Because every one of their clients has unique needs and circumstances, the services ILC provides look different for every person they serve.
Over the past 19 years, ILC has flourished, now offering its services to thousands of clients across three different states—Nebraska, Colorado, and California. Justin and his team love the work that they do. “They’re able to give a lot of themselves to others and really help nurture and support people in a way that maybe others can’t,” Justin said of ILC staff. “And that’s really fulfilling to them. What keeps me coming back every day is doing really good work for folks who are pretty marginalized otherwise,” he added.
Rewarding as the work is, working in developmental disability services does come with its fair share of challenges. Often, behavioral issues arise that require quick and delicate responses, which is why providers like ILC are required to offer some form of Emergency Safety Intervention (ESI) training to their workers that prepare them to handle behavioral crises while prioritizing client dignity and safety.
The ILC team knows how important it is to have strong ESI in place, which is why they had concerns when their existing system was proving itself to be insufficient for their needs. The team saw this as an opportunity to solve the problem and, in 2021, developed their own groundbreaking safety-intervention curriculum, called “Core Supports.”

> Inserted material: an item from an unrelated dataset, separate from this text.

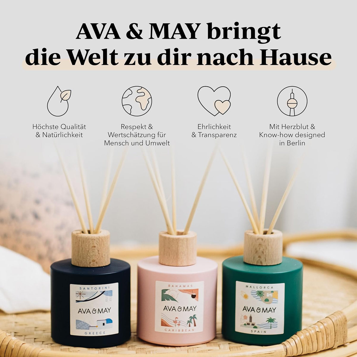 Alles begann mit einer Weltreise… und dem Wunsch, all die besonderen Eindrücke und Erinnerungen mit nach Hause zu nehmen. So entstand die Idee zu AVA & MAY und führte zur Gründung unserer ersten Home & Living Marke im Jahr 2018. Doch das war erst der Anfang unserer Reise. Aufgrund des überwältigenden Feedbacks unserer Community und dem Wunsch, ihre Lieblingsdüfte auch auf der Haut zu tragen, haben wir 2021 unsere zweite Brand FAYNT ins Leben gerufen, die Parfums für jede Situation kreiert.

One of the main issues with the other ESI protocols was the complete lack of personalization. Some of the guides, for example, have the same protocols for children and for adults, even though they have very different needs. It was ILC’s mission to solve this problem.
As Justin explained, “Our curriculum took some of the best practices that we’d seen across the country, not only de-escalation, but also how to safely perform these emergency safety interventions.” He added, “A lot of the curricula exist on a national level and are tailored towards completely different populations.”
ILC also created Core Supports with employee safety in mind.
“Employee safety is one of the big reasons we were convinced we needed to develop our own curriculum because we would see workers comp claims and part of the reason we were seeing some injuries was because the curriculum we were using was causing them.”
Nebraska approved Core Supports and ILC, and the results have spoken for themselves. The curriculum slashed safety hazards and workers compensation claims, improved staff safety, and met each client’s unique needs.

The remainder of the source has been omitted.